12. LIMITATION OF LIABILITY
12.1 The Company’s total aggregate liability under this Agreement shall be strictly limited to the total fees paid by the Client for the specific project giving rise to the claim.
12.2 To the maximum extent permitted by law, the Company shall not be liable for any indirect, incidental, special, consequential, or punitive damages; loss of profits, revenue, business opportunities; loss of data or goodwill; business interruption; or costs of procurement of substitute services.
13. CANCELLATION AND REFUND POLICY
13.1 Cancellation before work commencement: Seventy-five percent (75%) of advance payment refunded, twenty-five percent (25%) retained as booking charges.
13.2 Cancellation after work commencement: No refund; all payments made shall be non-refundable.
13.3 For shoot-based services, cancellation within forty-eight (48) hours of scheduled shoot date shall be treated as work commenced with zero refund. Rescheduling charges of ten percent (10%) to twenty-five percent (25%) may apply.
14. SUBSCRIPTION PACKAGES
14.1 Subscription packages shall be valid for twelve (12) months with a minimum lock-in period of six (6) months.
14.2 After the lock-in period, either party may terminate by providing one (1) month’s prior written notice.

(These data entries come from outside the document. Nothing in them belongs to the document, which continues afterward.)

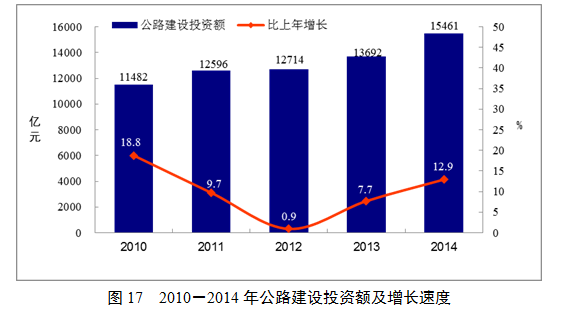 全年完成公路建设投资15460.94亿元,比上年增长12.9%。其中,高速公路建设完成投资7818.12亿元,增长7.1%。普通国省道建设完成投资4611.82亿元,增长18.9%。农村公路建设完成投资3030.99亿元,增长20.4%,新改建农村公路23.21万公里。纳入《集中连片特困地区交通建设扶贫规划纲要(2011-2020)》的505个贫困县完成公路建设投资3442.92亿元,增长8.1%,占全国公路建设投资22.3%。
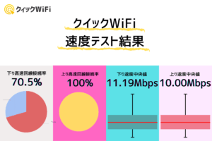 本コンテンツでは、クイックWiFiの24時間を10分置きに7日間の速度測定結果を掲載しています。
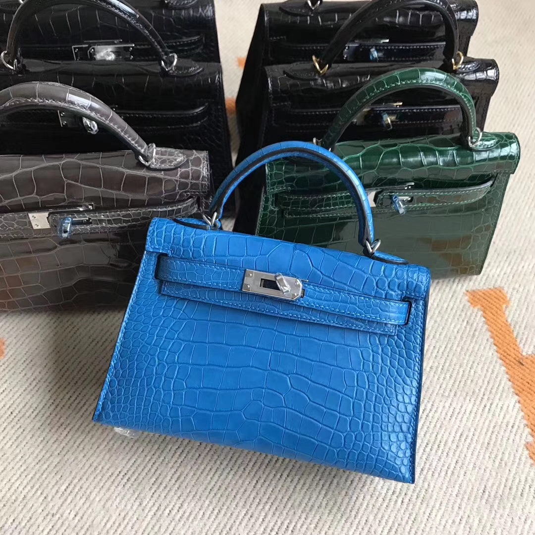 Brand: Hermes; Style: Minikelly-2 ; Material: Alligator Matt Crocodile Leather;Color:7T Blue Electric; Hardware: Silver; Size:19CM; Accessories: Padlock and keys, dust bag.Functions: Tote Bag, Clutch Bag,Evening Bag
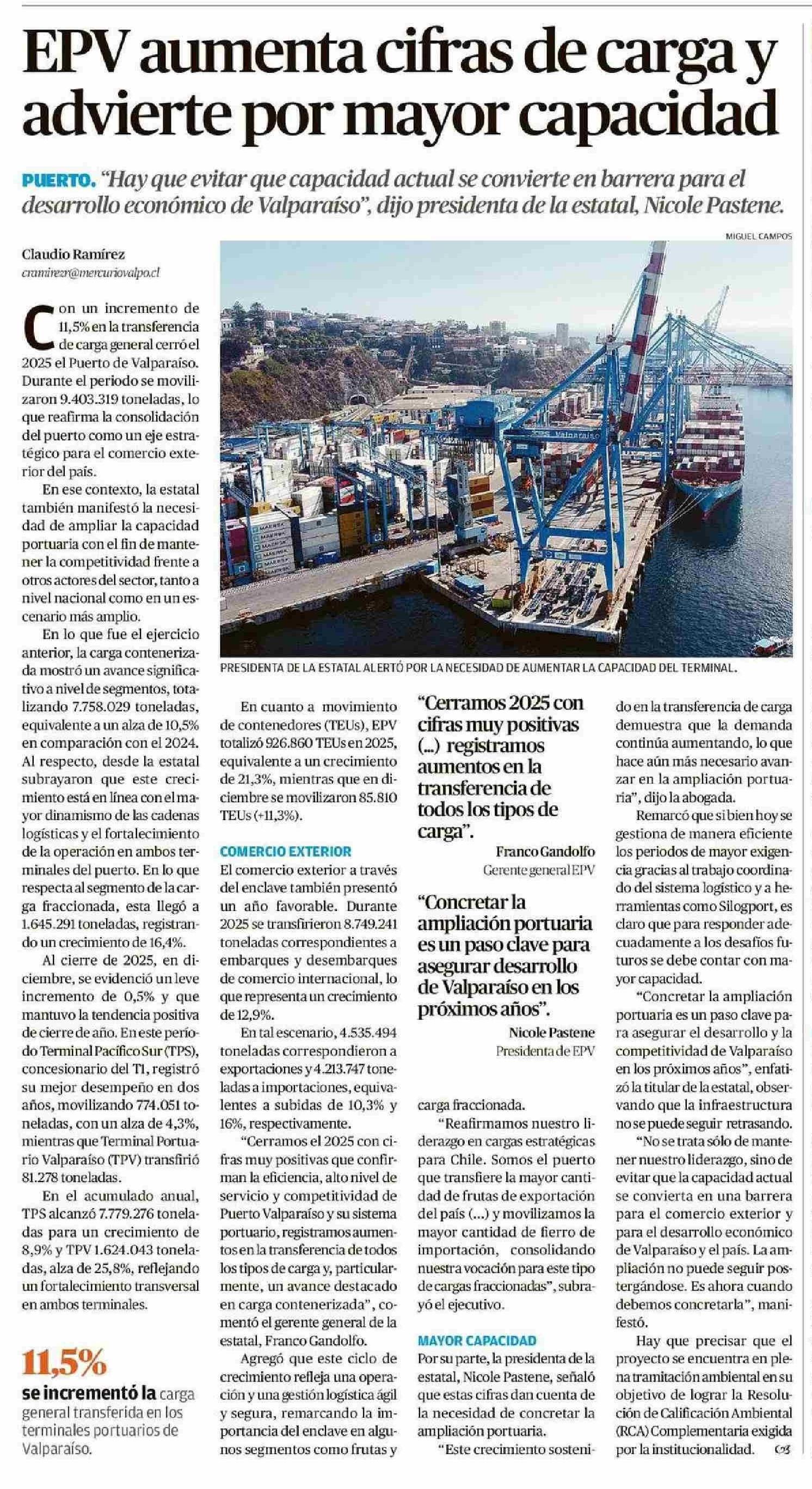 EPV aumenta cifras de carga y advierte por mayor capacidad

14.3 Unused deliverables or services from the subscription package shall not be refunded or carried forward beyond the subscription term.
15. CONFIDENTIALITY
15.1 Both parties agree to maintain confidentiality of all proprietary, confidential, or sensitive information disclosed during the engagement. This obligation shall survive termination for three (3) years.
16. FORCE MAJEURE
16.1 Neither party shall be liable for failure or delay in performance due to causes beyond reasonable control including acts of God, natural disasters, pandemics, war, terrorism, government actions, strikes, or equipment breakdown. If a Force Majeure Event continues for more than sixty (60) days, either party may terminate without liability.
17. GOVERNING LAW AND JURISDICTION
17.1 This Agreement shall be governed by the laws of India.
17.2 Any disputes shall be subject to the exclusive jurisdiction of courts in Ahmedabad, Gujarat, India.
17.3 Parties agree to attempt resolution through good faith negotiation and mediation before initiating legal proceedings.
18. GENERAL PROVISIONS
18.1 Entire Agreement: This Agreement constitutes the entire agreement between the parties and supersedes all prior negotiations or agreements.
18.2 Amendments: No amendment shall be valid unless made in writing and signed by authorized representatives of both parties.
18.3 Severability: If any provision is held invalid, such provision shall be severed and the remaining provisions shall remain in full force.
18.4 Assignment: The Client may not assign this Agreement without prior written consent of the Company.
18.5 Independent Contractors: The parties are independent contractors. Nothing herein creates a partnership, joint venture, or employment relationship.
18.6 Notices: All notices shall be in writing and delivered to addresses specified in the quotation.